EXERCISE INSTRUCTIONS: An exact copy of all the data is the required output.

──────── RECORDS SUPPLIED ────────

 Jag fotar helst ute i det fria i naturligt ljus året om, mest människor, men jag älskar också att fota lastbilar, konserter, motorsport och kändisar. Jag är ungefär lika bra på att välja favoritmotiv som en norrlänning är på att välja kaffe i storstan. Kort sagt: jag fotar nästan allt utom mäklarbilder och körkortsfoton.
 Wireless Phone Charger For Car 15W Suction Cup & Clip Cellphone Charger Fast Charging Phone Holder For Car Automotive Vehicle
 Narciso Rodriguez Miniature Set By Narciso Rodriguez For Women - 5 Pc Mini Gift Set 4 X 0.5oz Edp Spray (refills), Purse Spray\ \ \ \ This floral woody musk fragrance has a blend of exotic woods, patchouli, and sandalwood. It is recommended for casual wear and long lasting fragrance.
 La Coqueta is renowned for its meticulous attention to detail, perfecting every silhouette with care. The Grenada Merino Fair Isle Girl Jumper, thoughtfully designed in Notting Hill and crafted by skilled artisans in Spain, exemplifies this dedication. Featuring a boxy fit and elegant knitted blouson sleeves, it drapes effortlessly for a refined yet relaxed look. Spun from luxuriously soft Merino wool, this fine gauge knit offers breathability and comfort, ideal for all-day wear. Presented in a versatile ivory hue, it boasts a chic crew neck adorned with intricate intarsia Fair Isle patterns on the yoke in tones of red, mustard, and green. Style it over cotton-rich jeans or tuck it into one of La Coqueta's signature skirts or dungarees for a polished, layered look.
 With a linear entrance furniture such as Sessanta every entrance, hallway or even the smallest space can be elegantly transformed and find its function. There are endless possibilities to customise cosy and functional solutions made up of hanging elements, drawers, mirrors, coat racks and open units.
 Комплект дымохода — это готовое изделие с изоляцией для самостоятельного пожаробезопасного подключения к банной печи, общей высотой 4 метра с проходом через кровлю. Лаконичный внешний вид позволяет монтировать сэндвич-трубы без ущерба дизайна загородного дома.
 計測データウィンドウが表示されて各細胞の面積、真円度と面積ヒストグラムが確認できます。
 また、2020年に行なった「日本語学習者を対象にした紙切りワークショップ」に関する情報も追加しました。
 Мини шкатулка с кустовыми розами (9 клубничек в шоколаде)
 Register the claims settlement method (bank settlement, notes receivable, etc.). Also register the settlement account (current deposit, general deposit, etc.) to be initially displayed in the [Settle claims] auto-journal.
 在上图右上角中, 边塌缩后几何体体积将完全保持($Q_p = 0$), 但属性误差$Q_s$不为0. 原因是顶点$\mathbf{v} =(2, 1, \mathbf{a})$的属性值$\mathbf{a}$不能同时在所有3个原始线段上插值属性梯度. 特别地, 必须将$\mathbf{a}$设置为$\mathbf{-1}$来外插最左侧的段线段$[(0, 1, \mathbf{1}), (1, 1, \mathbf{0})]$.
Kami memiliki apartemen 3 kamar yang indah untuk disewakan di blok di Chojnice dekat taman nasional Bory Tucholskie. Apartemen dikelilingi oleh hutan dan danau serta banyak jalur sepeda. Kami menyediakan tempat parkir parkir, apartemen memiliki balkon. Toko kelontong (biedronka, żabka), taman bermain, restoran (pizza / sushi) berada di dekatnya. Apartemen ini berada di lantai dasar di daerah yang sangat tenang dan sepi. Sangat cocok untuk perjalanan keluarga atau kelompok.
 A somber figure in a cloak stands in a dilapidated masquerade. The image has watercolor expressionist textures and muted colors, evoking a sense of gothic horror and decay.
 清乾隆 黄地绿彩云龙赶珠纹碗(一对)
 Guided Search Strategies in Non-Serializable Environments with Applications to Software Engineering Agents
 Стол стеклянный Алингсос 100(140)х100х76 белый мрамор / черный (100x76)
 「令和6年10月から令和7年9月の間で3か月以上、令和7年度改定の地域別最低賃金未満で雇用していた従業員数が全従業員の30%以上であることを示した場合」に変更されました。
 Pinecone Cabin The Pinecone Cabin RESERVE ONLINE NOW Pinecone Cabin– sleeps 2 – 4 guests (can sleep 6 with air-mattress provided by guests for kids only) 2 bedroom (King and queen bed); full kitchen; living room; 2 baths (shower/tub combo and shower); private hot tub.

────────

SOLUTION FOR THIS PROBLEM:
 Jag fotar helst ute i det fria i naturligt ljus året om, mest människor, men jag älskar också att fota lastbilar, konserter, motorsport och kändisar. Jag är ungefär lika bra på att välja favoritmotiv som en norrlänning är på att välja kaffe i storstan. Kort sagt: jag fotar nästan allt utom mäklarbilder och körkortsfoton.
 Wireless Phone Charger For Car 15W Suction Cup & Clip Cellphone Charger Fast Charging Phone Holder For Car Automotive Vehicle
 Narciso Rodriguez Miniature Set By Narciso Rodriguez For Women - 5 Pc Mini Gift Set 4 X 0.5oz Edp Spray (refills), Purse Spray\ \ \ \ This floral woody musk fragrance has a blend of exotic woods, patchouli, and sandalwood. It is recommended for casual wear and long lasting fragrance.
 La Coqueta is renowned for its meticulous attention to detail, perfecting every silhouette with care. The Grenada Merino Fair Isle Girl Jumper, thoughtfully designed in Notting Hill and crafted by skilled artisans in Spain, exemplifies this dedication. Featuring a boxy fit and elegant knitted blouson sleeves, it drapes effortlessly for a refined yet relaxed look. Spun from luxuriously soft Merino wool, this fine gauge knit offers breathability and comfort, ideal for all-day wear. Presented in a versatile ivory hue, it boasts a chic crew neck adorned with intricate intarsia Fair Isle patterns on the yoke in tones of red, mustard, and green. Style it over cotton-rich jeans or tuck it into one of La Coqueta's signature skirts or dungarees for a polished, layered look.
 With a linear entrance furniture such as Sessanta every entrance, hallway or even the smallest space can be elegantly transformed and find its function. There are endless possibilities to customise cosy and functional solutions made up of hanging elements, drawers, mirrors, coat racks and open units.
 Комплект дымохода — это готовое изделие с изоляцией для самостоятельного пожаробезопасного подключения к банной печи, общей высотой 4 метра с проходом через кровлю. Лаконичный внешний вид позволяет монтировать сэндвич-трубы без ущерба дизайна загородного дома.
 計測データウィンドウが表示されて各細胞の面積、真円度と面積ヒストグラムが確認できます。
 また、2020年に行なった「日本語学習者を対象にした紙切りワークショップ」に関する情報も追加しました。
 Мини шкатулка с кустовыми розами (9 клубничек в шоколаде)
 Register the claims settlement method (bank settlement, notes receivable, etc.). Also register the settlement account (current deposit, general deposit, etc.) to be initially displayed in the [Settle claims] auto-journal.
 在上图右上角中, 边塌缩后几何体体积将完全保持($Q_p = 0$), 但属性误差$Q_s$不为0. 原因是顶点$\mathbf{v} =(2, 1, \mathbf{a})$的属性值$\mathbf{a}$不能同时在所有3个原始线段上插值属性梯度. 特别地, 必须将$\mathbf{a}$设置为$\mathbf{-1}$来外插最左侧的段线段$[(0, 1, \mathbf{1}), (1, 1, \mathbf{0})]$.
Kami memiliki apartemen 3 kamar yang indah untuk disewakan di blok di Chojnice dekat taman nasional Bory Tucholskie. Apartemen dikelilingi oleh hutan dan danau serta banyak jalur sepeda. Kami menyediakan tempat parkir parkir, apartemen memiliki balkon. Toko kelontong (biedronka, żabka), taman bermain, restoran (pizza / sushi) berada di dekatnya. Apartemen ini berada di lantai dasar di daerah yang sangat tenang dan sepi. Sangat cocok untuk perjalanan keluarga atau kelompok.
 A somber figure in a cloak stands in a dilapidated masquerade. The image has watercolor expressionist textures and muted colors, evoking a sense of gothic horror and decay.
 清乾隆 黄地绿彩云龙赶珠纹碗(一对)
 Guided Search Strategies in Non-Serializable Environments with Applications to Software Engineering Agents
 Стол стеклянный Алингсос 100(140)х100х76 белый мрамор / черный (100x76)
 「令和6年10月から令和7年9月の間で3か月以上、令和7年度改定の地域別最低賃金未満で雇用していた従業員数が全従業員の30%以上であることを示した場合」に変更されました。
 Pinecone Cabin The Pinecone Cabin RESERVE ONLINE NOW Pinecone Cabin– sleeps 2 – 4 guests (can sleep 6 with air-mattress provided by guests for kids only) 2 bedroom (King and queen bed); full kitchen; living room; 2 baths (shower/tub combo and shower); private hot tub.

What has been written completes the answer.